» HOW TO COMPLETE THIS TASK
Restate the data word for word. Leave the pictures out.

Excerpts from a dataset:
>>>

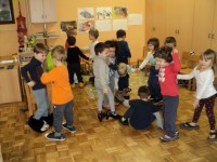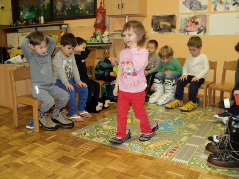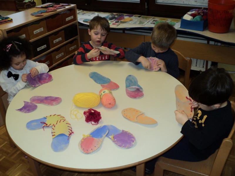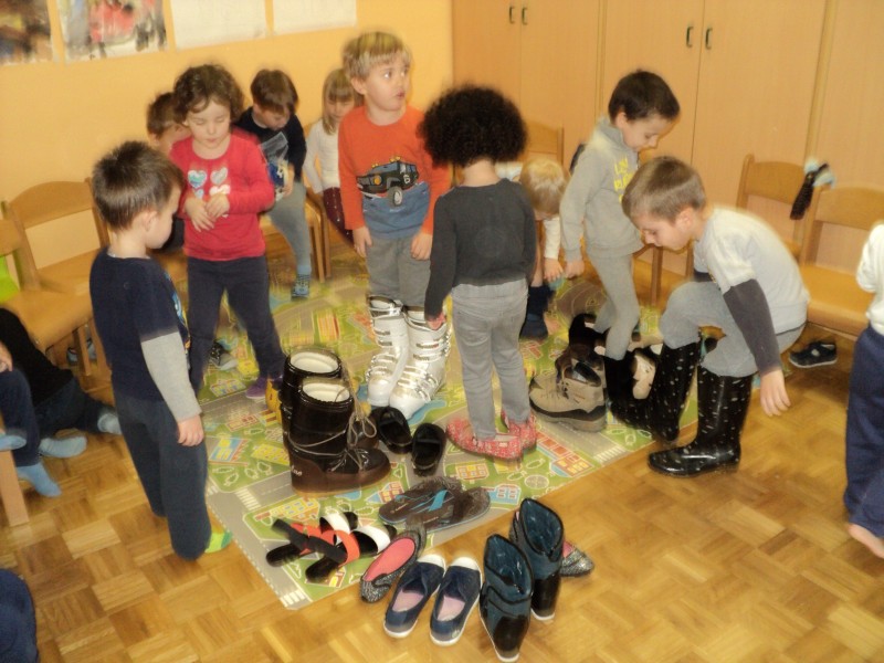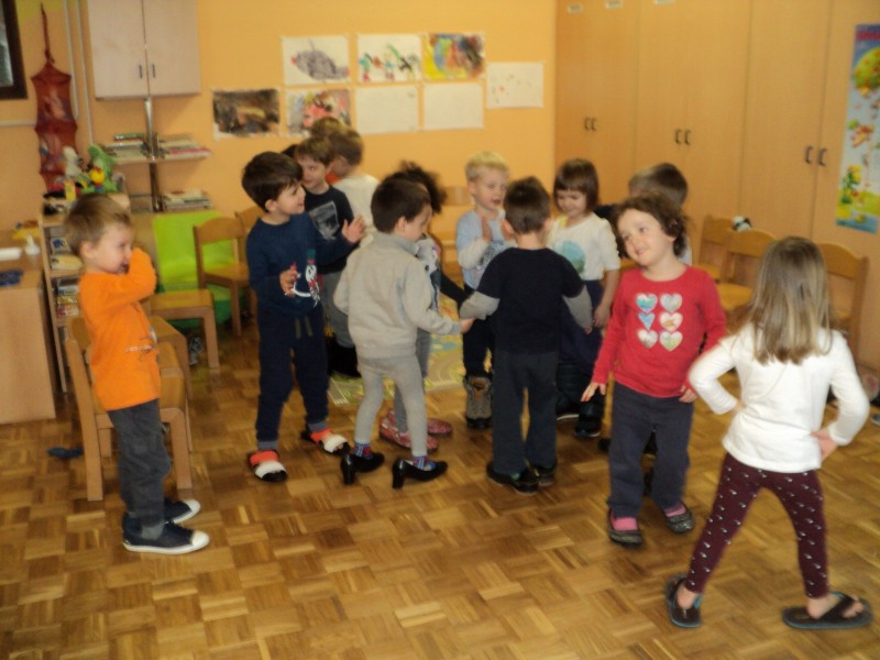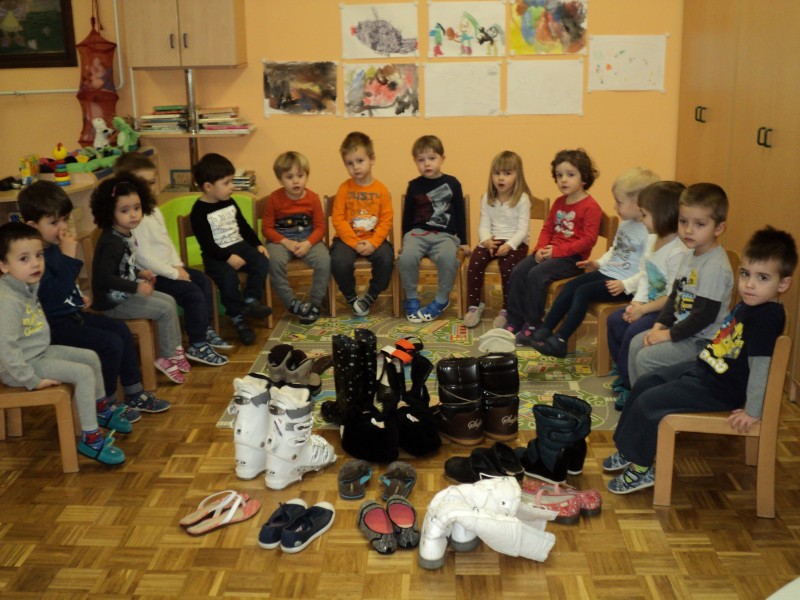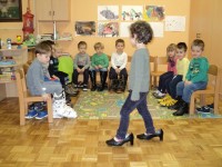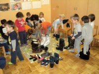 Spoznavali smo poklic čevljar, šivali copate, poslušali pravljice o čudežnih čeveljčkih in se igrali z različnimi obuvali. Z različnimi obuvali smo se predstavili na modni reviji.
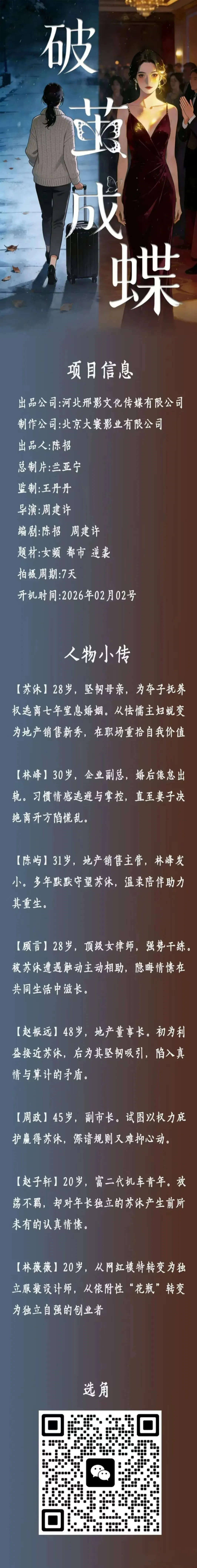 【2月2日】短剧《破茧成蝶》招募演员
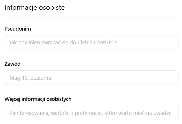 - pseudonim – napisz, jak konkretnie powinien się do Ciebie zwracać ChatGPT
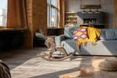 Zdjęcie "nowoczesny luksusowy design brutalnego wnętrza mieszkania z łukami w stylu średniowiecznego zamku z jasnymi akcentami. bezpłatny układ, aneks kuchenny, część wypoczynkowa i jadalna." może być wykorzystywane do celów osobistych i komercyjnych zgodnie z warunkami zakupionej licencji Royalty-free. Obraz jest dostępny do pobrania w jakości wysokiej rozdzielczości do 5760x3840.
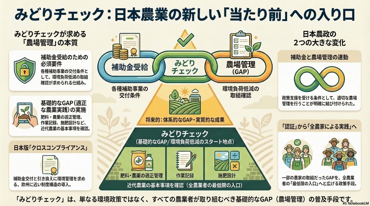 みどりチェックは、その意味で、日本の農業政策におけるGAP普及の新しい入口として位置づけることができるでしょう。
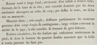 Round cap with a large back, wrapped twice with a ribbon, forming a cockade on the top of the head below its two ends, pinked like a cock’s comb; over the whole, a “sleepyhead” kerchief.**

<<<

» SOLUTION
 Spoznavali smo poklic čevljar, šivali copate, poslušali pravljice o čudežnih čeveljčkih in se igrali z različnimi obuvali. Z različnimi obuvali smo se predstavili na modni reviji.
 【2月2日】短剧《破茧成蝶》招募演员
 - pseudonim – napisz, jak konkretnie powinien się do Ciebie zwracać ChatGPT
 Zdjęcie "nowoczesny luksusowy design brutalnego wnętrza mieszkania z łukami w stylu średniowiecznego zamku z jasnymi akcentami. bezpłatny układ, aneks kuchenny, część wypoczynkowa i jadalna." może być wykorzystywane do celów osobistych i komercyjnych zgodnie z warunkami zakupionej licencji Royalty-free. Obraz jest dostępny do pobrania w jakości wysokiej rozdzielczości do 5760x3840.
 みどりチェックは、その意味で、日本の農業政策におけるGAP普及の新しい入口として位置づけることができるでしょう。
 Round cap with a large back, wrapped twice with a ribbon, forming a cockade on the top of the head below its two ends, pinked like a cock’s comb; over the whole, a “sleepyhead” kerchief.**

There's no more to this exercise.